__What to produce__. An exact restatement of all the data is required, with the pictures left out.

__Provided material__.
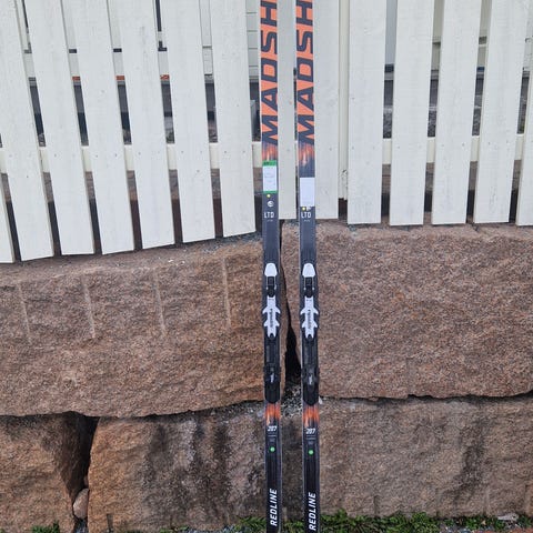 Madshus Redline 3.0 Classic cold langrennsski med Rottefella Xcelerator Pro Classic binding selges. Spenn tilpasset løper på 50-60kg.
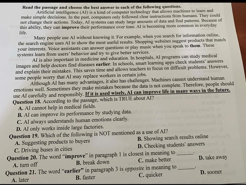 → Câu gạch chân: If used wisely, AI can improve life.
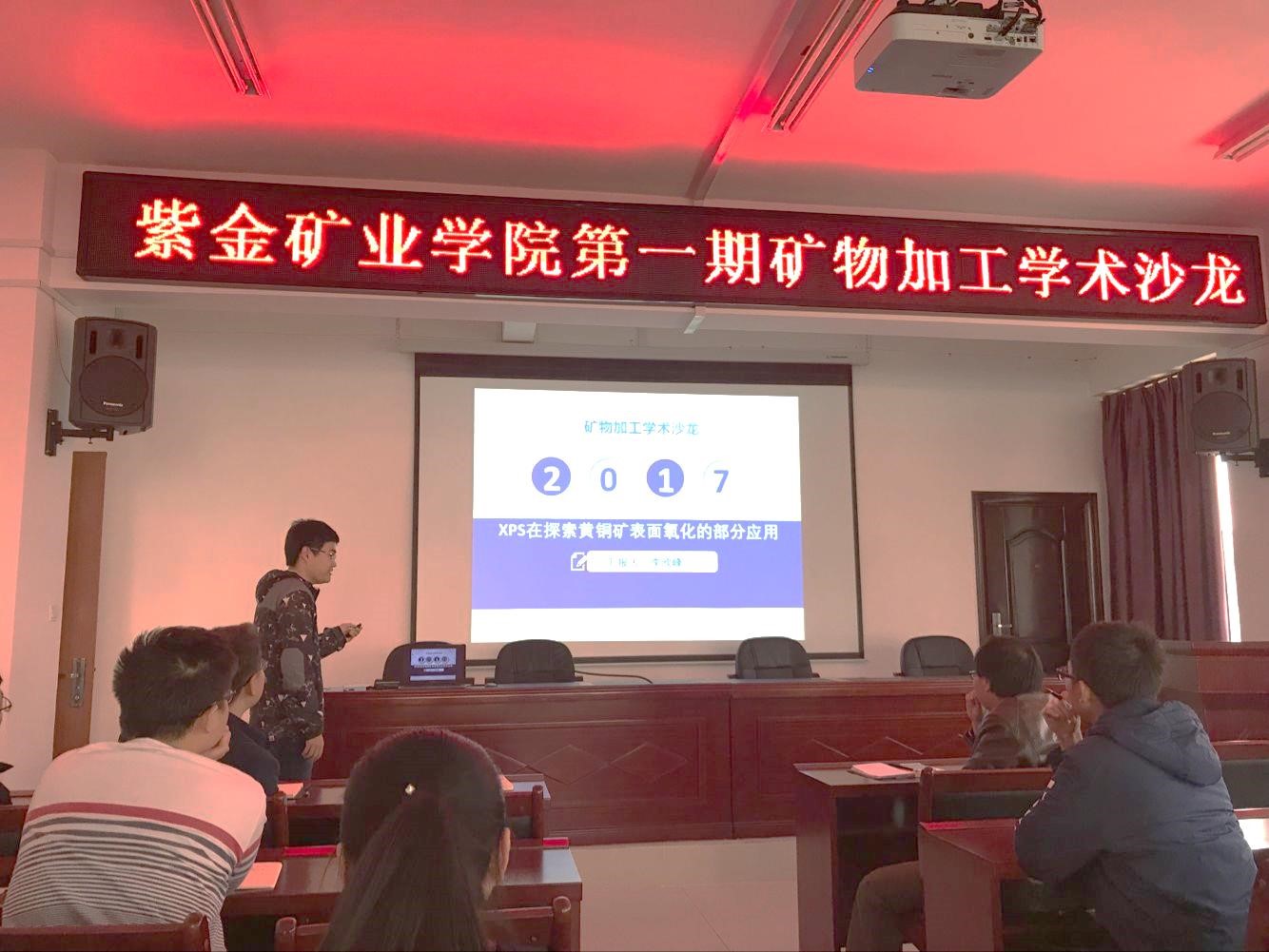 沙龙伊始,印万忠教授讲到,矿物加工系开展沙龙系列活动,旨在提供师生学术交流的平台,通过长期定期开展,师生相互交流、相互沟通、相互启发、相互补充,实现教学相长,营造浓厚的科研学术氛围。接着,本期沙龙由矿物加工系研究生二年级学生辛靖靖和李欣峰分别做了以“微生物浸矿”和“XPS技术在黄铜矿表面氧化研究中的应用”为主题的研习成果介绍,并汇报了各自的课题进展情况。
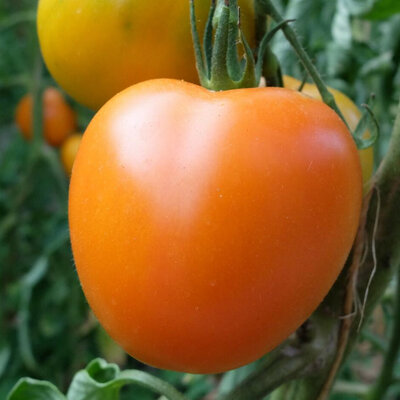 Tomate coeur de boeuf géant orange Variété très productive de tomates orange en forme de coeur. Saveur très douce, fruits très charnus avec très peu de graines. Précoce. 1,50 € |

__Reply__.
 Madshus Redline 3.0 Classic cold langrennsski med Rottefella Xcelerator Pro Classic binding selges. Spenn tilpasset løper på 50-60kg.
 → Câu gạch chân: If used wisely, AI can improve life.
 沙龙伊始,印万忠教授讲到,矿物加工系开展沙龙系列活动,旨在提供师生学术交流的平台,通过长期定期开展,师生相互交流、相互沟通、相互启发、相互补充,实现教学相长,营造浓厚的科研学术氛围。接着,本期沙龙由矿物加工系研究生二年级学生辛靖靖和李欣峰分别做了以“微生物浸矿”和“XPS技术在黄铜矿表面氧化研究中的应用”为主题的研习成果介绍,并汇报了各自的课题进展情况。
 Tomate coeur de boeuf géant orange Variété très productive de tomates orange en forme de coeur. Saveur très douce, fruits très charnus avec très peu de graines. Précoce. 1,50 € |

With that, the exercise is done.